Data provided:

——————

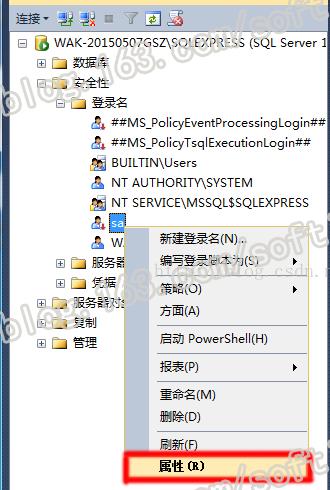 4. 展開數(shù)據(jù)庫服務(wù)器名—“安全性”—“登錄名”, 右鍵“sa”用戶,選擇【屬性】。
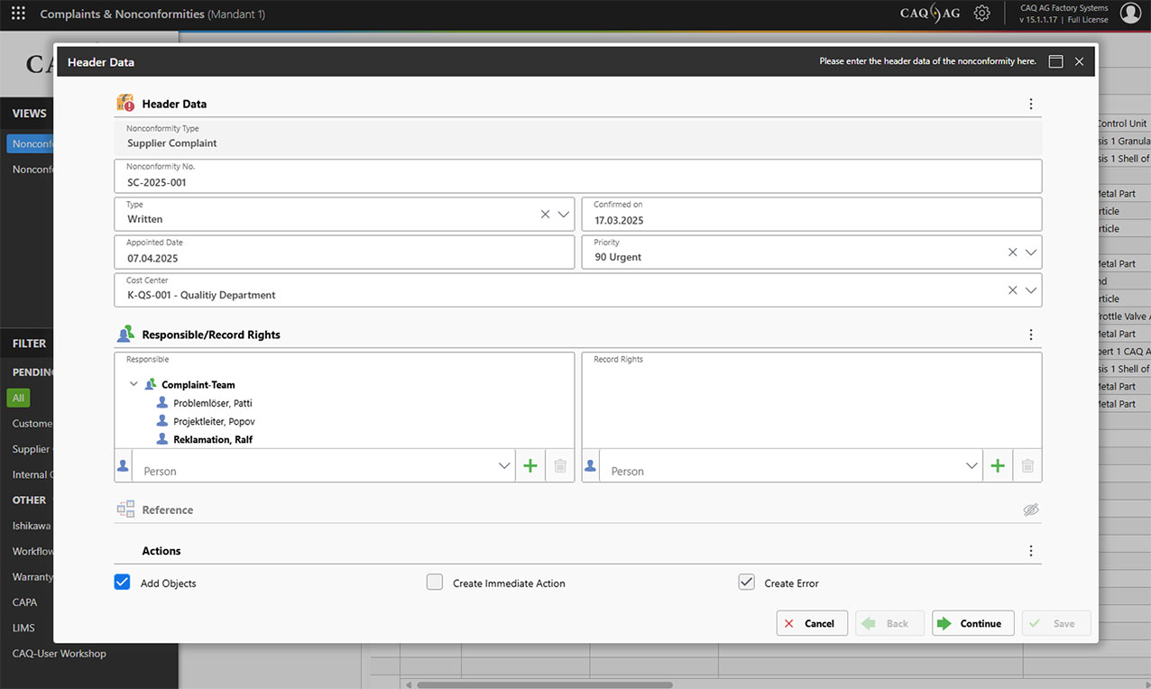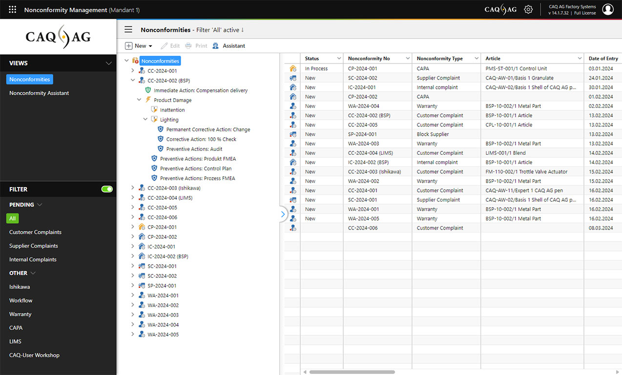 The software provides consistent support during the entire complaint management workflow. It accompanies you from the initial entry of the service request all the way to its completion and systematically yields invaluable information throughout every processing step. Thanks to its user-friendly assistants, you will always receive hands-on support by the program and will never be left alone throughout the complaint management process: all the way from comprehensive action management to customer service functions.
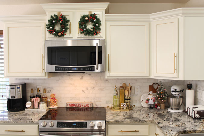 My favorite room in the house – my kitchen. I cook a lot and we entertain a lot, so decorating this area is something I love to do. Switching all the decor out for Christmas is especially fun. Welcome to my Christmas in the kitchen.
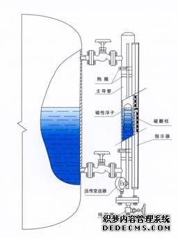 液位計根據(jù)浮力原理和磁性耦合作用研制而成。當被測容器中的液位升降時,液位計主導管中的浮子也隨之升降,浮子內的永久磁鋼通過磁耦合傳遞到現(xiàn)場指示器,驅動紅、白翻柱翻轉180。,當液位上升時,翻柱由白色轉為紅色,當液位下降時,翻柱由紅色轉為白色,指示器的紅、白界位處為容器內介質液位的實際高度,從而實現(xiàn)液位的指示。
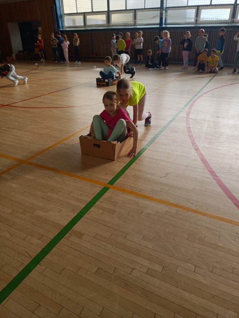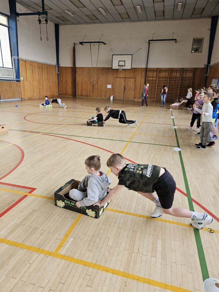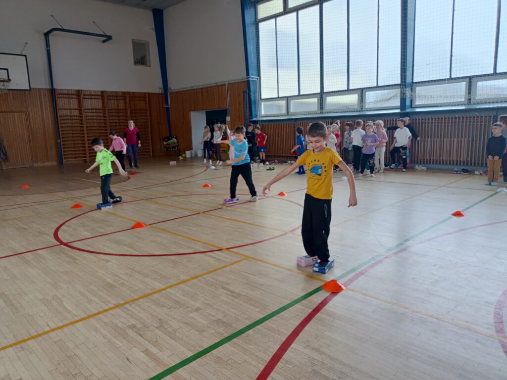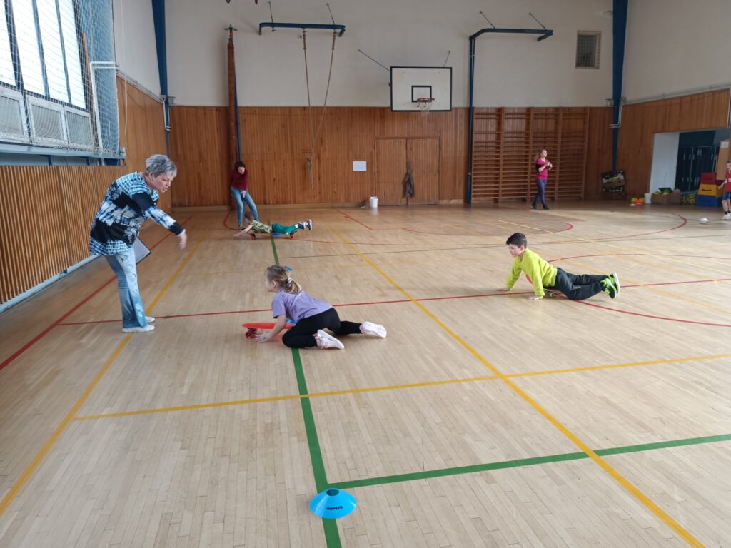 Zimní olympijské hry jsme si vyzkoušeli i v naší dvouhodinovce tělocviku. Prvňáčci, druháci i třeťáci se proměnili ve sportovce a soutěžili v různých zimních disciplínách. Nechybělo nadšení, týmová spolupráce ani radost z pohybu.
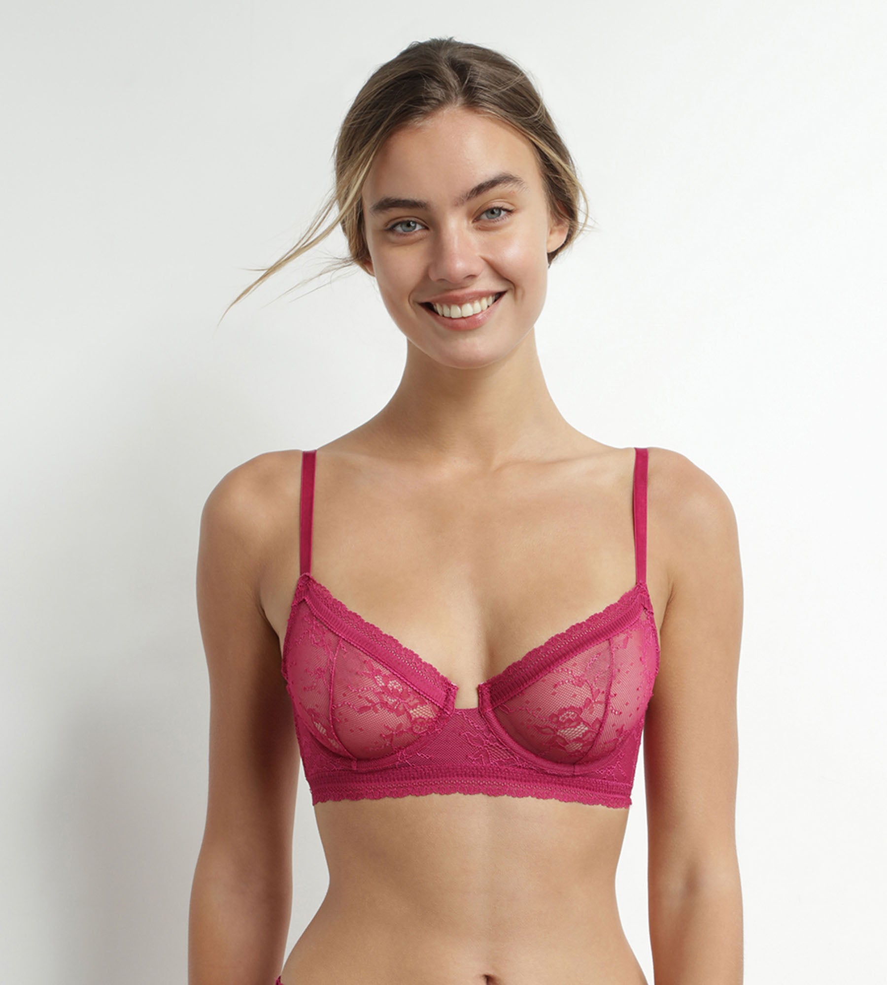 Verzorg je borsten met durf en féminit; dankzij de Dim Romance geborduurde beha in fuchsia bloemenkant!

——————

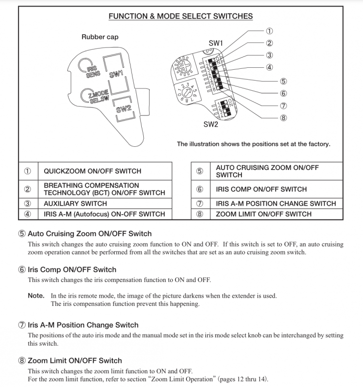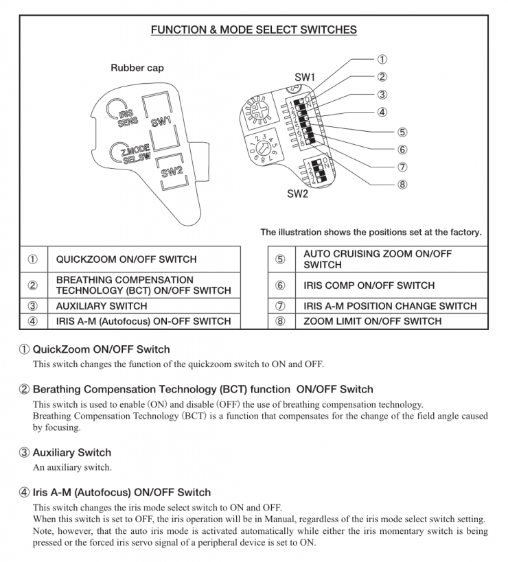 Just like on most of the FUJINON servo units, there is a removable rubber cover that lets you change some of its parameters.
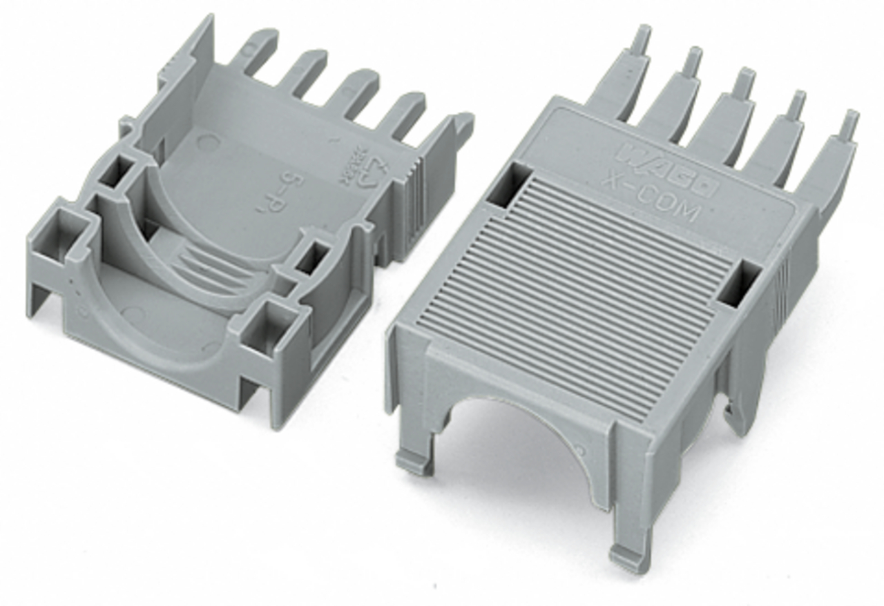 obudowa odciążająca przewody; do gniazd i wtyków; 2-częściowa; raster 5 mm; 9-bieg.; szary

——————

Task: Starting with the line that has "Zimní olympijské hry" and ending with the line that has "Verzorg je borsten", repeat the lines above exactly, omitting every picture.

Exercise result:
 Zimní olympijské hry jsme si vyzkoušeli i v naší dvouhodinovce tělocviku. Prvňáčci, druháci i třeťáci se proměnili ve sportovce a soutěžili v různých zimních disciplínách. Nechybělo nadšení, týmová spolupráce ani radost z pohybu.
 Verzorg je borsten met durf en féminit; dankzij de Dim Romance geborduurde beha in fuchsia bloemenkant!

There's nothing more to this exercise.